Subscription Required. Please recommend JoVE to your librarian.
Disclosures
Çıkar çatışması ilan etti.
Acknowledgments
Yazarlar Land Baden-Württemberg ve Europäische Birliği Europäischer Fonds für die regionale Entwicklung ederim - fon ZAFH-PHOTON n, herhangi bir fon araştırma bursu için Bundesministerium für Bildung und Forschung (BMBF) için. 1792C08 yanı sıra proje "Aurami" finansmanı için Baden-Württemberg-Stiftung GmbH.
Materials
| Name | Company | Catalog Number | Comments |
| Incubator | Nunc | Nunc Cellstar QM1300SVBA |
|
| Laminar flow | Holten Safe | S2010 1.2 EN GG 1LN | |
| DMEM + 10%FCS + 1 % Penicillin / Streptomycin | BIOCHROM | Cultivation medium | |
| Glass object slides | Marienfeld | Pure white glass | Special cleaning procedure used |
| 6-dodecanoyl-2-dimethylamino naphthalene (laurdan) | Molecular Probes | Fluorescent marker (Stock solution: 2 mM in ethanol) | |
| Microscope | Carl Zeiss | Axioplan 1 | |
| Laser diode | PicoQuant | LDH 400 with driver PDL 800-B | Wavelength: 391 nm |
| Single mode fiber system | Point Source | kineFlex | Used with collimating optics |
| EMCCD camera | Andor | DV887DC | Back illuminated camera |
References
- Gingell, D., Todd, I. Interference reflection microscopy: a quantitative theory of image interpretation and its application to cell-substratum separation measurement. Biophys. J. 26, 507-526 (1979).
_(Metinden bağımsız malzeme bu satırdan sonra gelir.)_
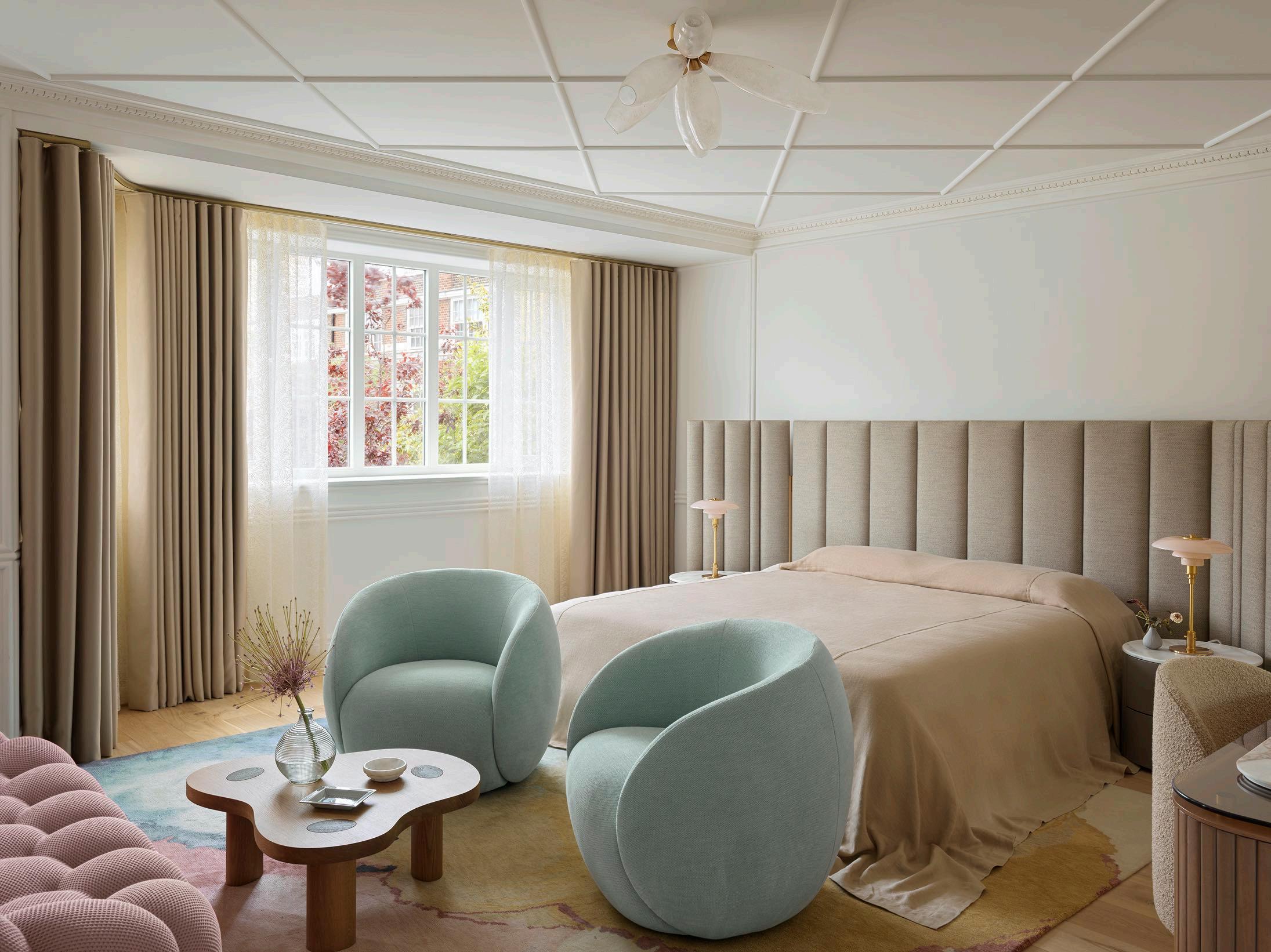 To bridge the gap between traditional and modern, Greg designed a diamond-shaped molding on the bedroom ceiling, a contemporary take on a classic detail. The designer opted for the Galotti&Radice upholstered bed with a freestanding upholstered headboard with adjustable side panels. The Rug Company’s soft, warm pattern features subtle bands of brass, pink and blue water features, which shimmer to create the illusion of movement. A pair of Roche Bobois armchairs with natural, organic lines, a coffee table from The Invisible Collection, and a vanity table complete the modern design of the bedroom.

- Reichert, W. M., Truskey, G. A. Total internal reflection fluorescence (TIRF) microscopy (I) Modelling cell contact region fluorescence. J. Cell Sci. 96, 219-230 (1990).
- Stock, K., Sailer, R., Strauss, W. S. L., Lyttek, M., Steiner, R., Schneckenburger, H. Variable-angle total internal reflection fluorescence microscopy (VA-TIRFM): realization and application of a compact illumination device. J. Microsc. 211, 19-29 (2003).
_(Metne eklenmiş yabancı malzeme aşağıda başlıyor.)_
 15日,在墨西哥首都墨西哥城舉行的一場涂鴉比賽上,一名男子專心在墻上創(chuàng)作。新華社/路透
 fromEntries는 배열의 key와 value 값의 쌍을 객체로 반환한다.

- Wagner, M., Weber, P., Strauss, W. S. L., Lassalle, H. -P., Schneckenburger, H. Nanotomography of cell surfaces with evanescent fields. Adv. Opt. Technol. 2008, 254317 (2008).
- Lassalle, H. -P., Baumann, H., Strauss, W. S. L., Schneckenburger, H. Cell-substrate topology upon ALA-PDT using variable-angle total internal reflection fluorescence microscopy (VA-TIRFM). J. Environ. Pathol. Toxicol Oncol. 26, 83-88 (2007).
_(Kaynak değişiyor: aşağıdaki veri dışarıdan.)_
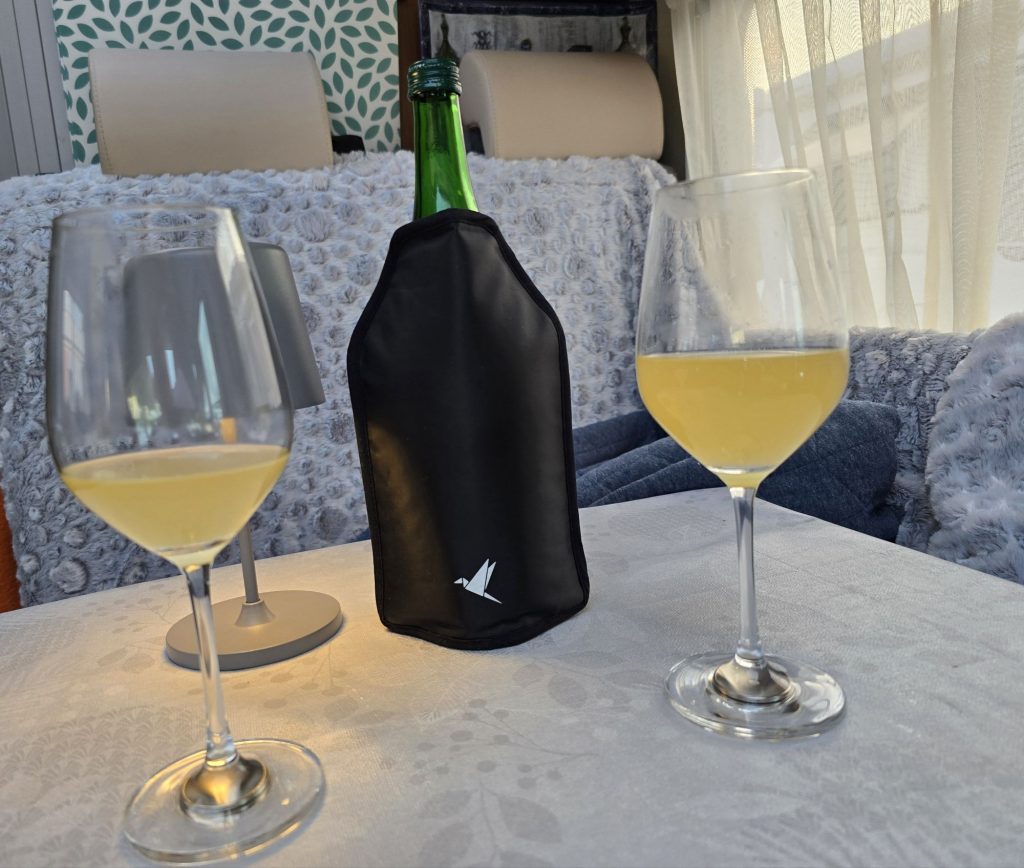 Etwas weiter hat sich ein „Stuhlkreis“ etabliert und die meisten der Teilnehmer outen sich unüberhörbar als Wohnmobilisten aus NRW. Udo Loosen hat heute seine gemütliche Straußenwirtschaft nur bis 19 Uhr geöffnet. Claudia: „Wir müssen ja auch einmal in der Woche kürzer treten.“

- Coates, C. G., Denvir, D. J., McHale, N. G., Thornbury, K. D., Hollywood, M. A. Optimizing low-light microscopy with back-illuminated electron multiplying charge-coupled device: enhanced sensitivity, speed and resolution. J. Biomed. Opt. 9, 1244-1252 (2004).
- Gustafsson, M. G. L., Shao, L., Carlton, P. M., Wang, C. J. R., Golubovskaya, I. N., Cande, W. Z., Agard, D. A., Sedat, J. W. Three-dimensional resolution doubling in wide-field fluorescence microscopy by structured illumination. Biophys. J. 94, 4957-4970 (2008).
- Betzig, E., Patterson, G. H., Sougrat, R., Lindwasser, O. W., Olenych, S., Bonifacino, J. S., Davidson, M. W., Lippincott-Schwartz, J., Hess, H. F. Imaging intracellular fluorescent proteins at nanometer resolution. Science. 313, 1642-1645 (2006).
- Hess, S. T., Girirajan, T. P. K., Mason, M. D. Ultra-high resolution imaging by fluorescence photoactivation localization microscopy. Biophys. J. 91, 4258-4272 (2006).
- Rust, M. J., Bates, M., Zhuang, X. Sub-diffraction-limit imaging by stochastic optical reconstruction microscopy (STORM). Nat. Meth. 3, 793-796 (2006).
- Willig, K. I., Harke, B., Medda, R., Hell, S. W. STED microscopy with continuous wave beams. Nat. Meth. 4, 915-918 (2007).
- Schneckenburger, H., Wagner, M., Weber, P., Bruns, T., Richter, V., Strauss, W. S. L., Wittig, R. Multi-Dimensional Fluorescence Microscopy of Living Cells. J. Biophotonics. 3, 143-149 (2011).
- Dougherty, T. J. Photosensitizers: therapy and detection of malignant tumours. Photochem. Photobiol. 45, 879-889 (1987).
- Axelrod, D. Cell-substrate contacts illuminated by total internal reflection fluorescence. J. Cell Biol. 89, 141-145 (1981).
- Ölveczky, B. P., Periasamy, N., Verkman, A. S. Mapping fluorophore distribution in three dimensions by quantitstive multiple angle total internal reflection fluorescence microscopy. Biophys. J. 73, 2836-2847 (1997).
- Axelrod, D. Selective imaging of surface fluorescence with vry high aperture microscope objectives. J. Biomed. Opt. 6, 6-13 (2001).
- Schneckenburger, H. Total internal reflection microscopy: technical innovations and novel applications. Curr. Opin. Biotechnol. 16, 13-18 (2005).